Threat real for farmers
For pastoralist John Jones, wild dogs are a serious threat.
Their significant impact at the Jones’ Mid West sheep operation — spread across the Murrum and Boogardie stations, near Mount Magnet — has drastically reduced the family’s flock.
“They’ve devastated the area,” he said.
“We have about 2500 sheep nowadays but there isn’t too many lambs now . . . the dogs are getting them.”
Mr Jones, his brother Henry and fellow Mid West and Murchison pastoralists affected by wild dogs met with WA Agricultural Minister Alannah MacTiernan last month.
Ms MacTiernan travelled to the historic gold mining town, which boasts a strong Merino wool history, to be briefed on the Murchison Hub Cell fence development.

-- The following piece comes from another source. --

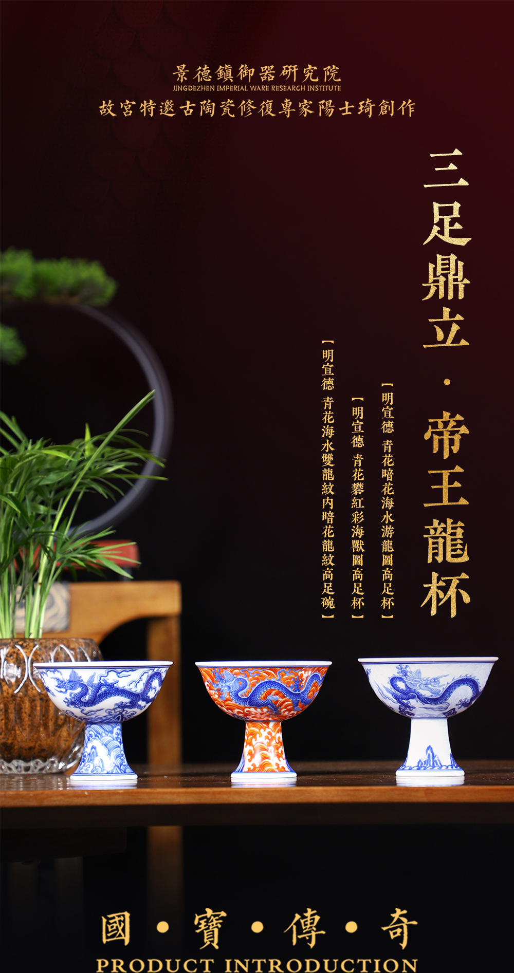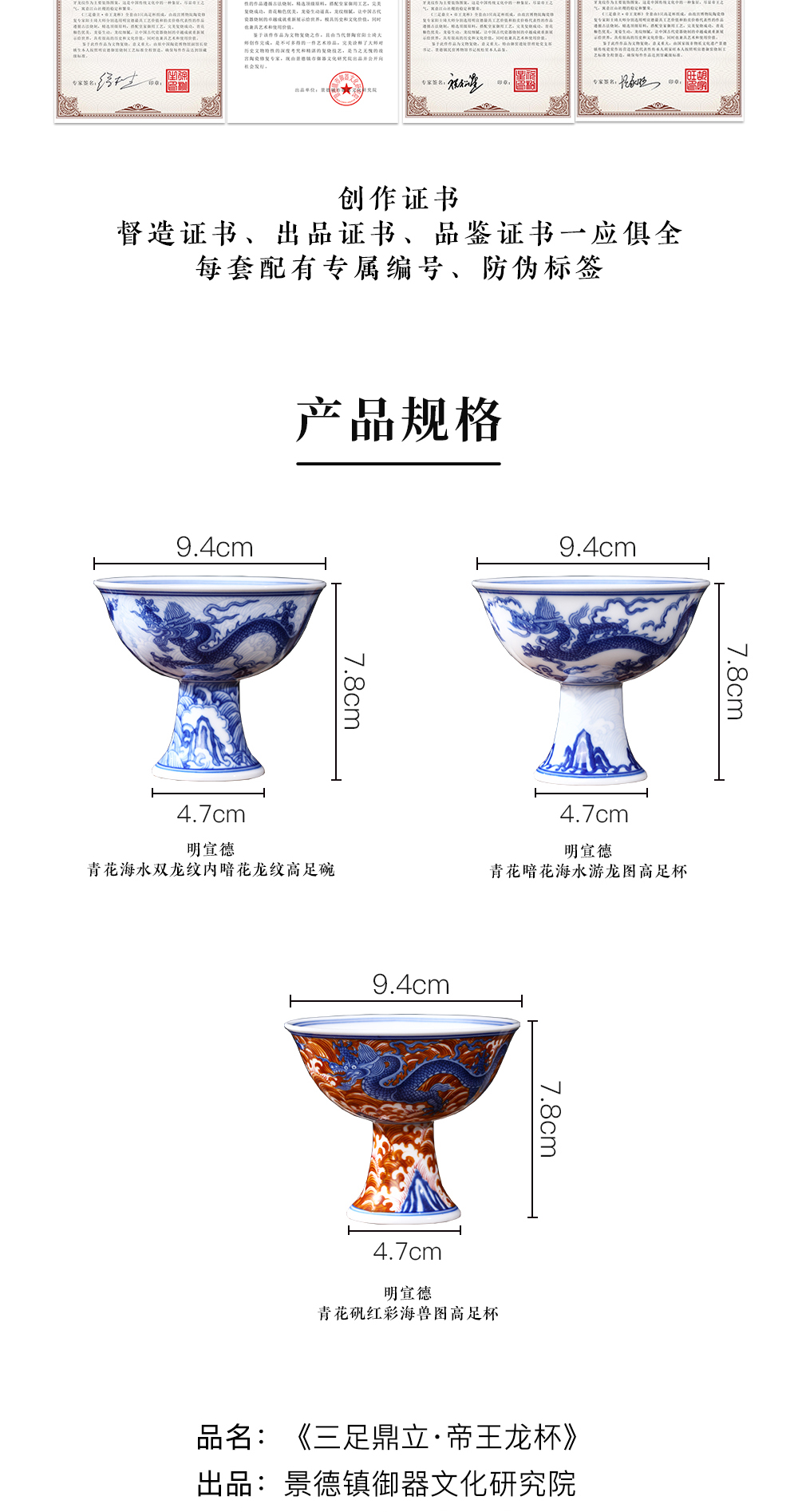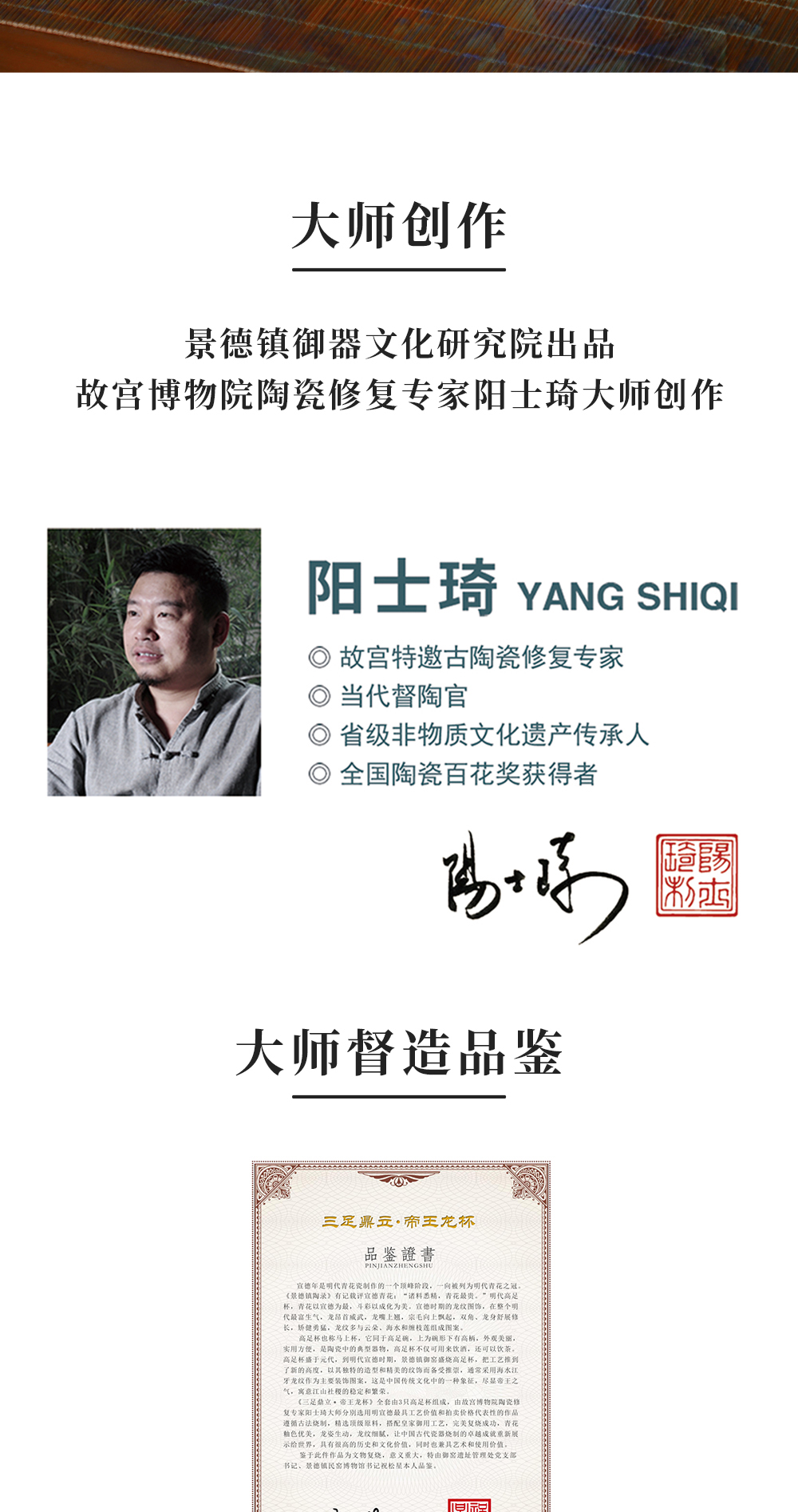 《三足鼎立·帝王龙杯》 中国景德镇御器研究院出品 “当代督陶官”阳士琦监制 宣德青花+矾红

About 35km of the anticipated 180km small cluster had been completed as of October 4.
Once the remaining 145km is erected, the development will encompass 227,100ha across the Murrum, Boogardie, Edah and Munbinia stations to protect the four pastoral leases from wild dog attacks.
The Joneses increased their pastoral landholding in 2006 when they purchased Murrum Station.
As the State continues to strug- gle with swelling wild dog populations, the pests have forced the Joneses to scale back their sheep flock across the two stations.
Yet they still harbour a desire to maintain a wool clip, despite many nearby pastoralists opting out of the shearing shed.
Mr Jones said the cell fence and larger Murchison Regional Vermin Council fence development provided hope to the region’s sheep producers that properties will one day be protected from vermin.
Pastoralist John Jones is hopeful fencing will control wild dogs in the Murchison.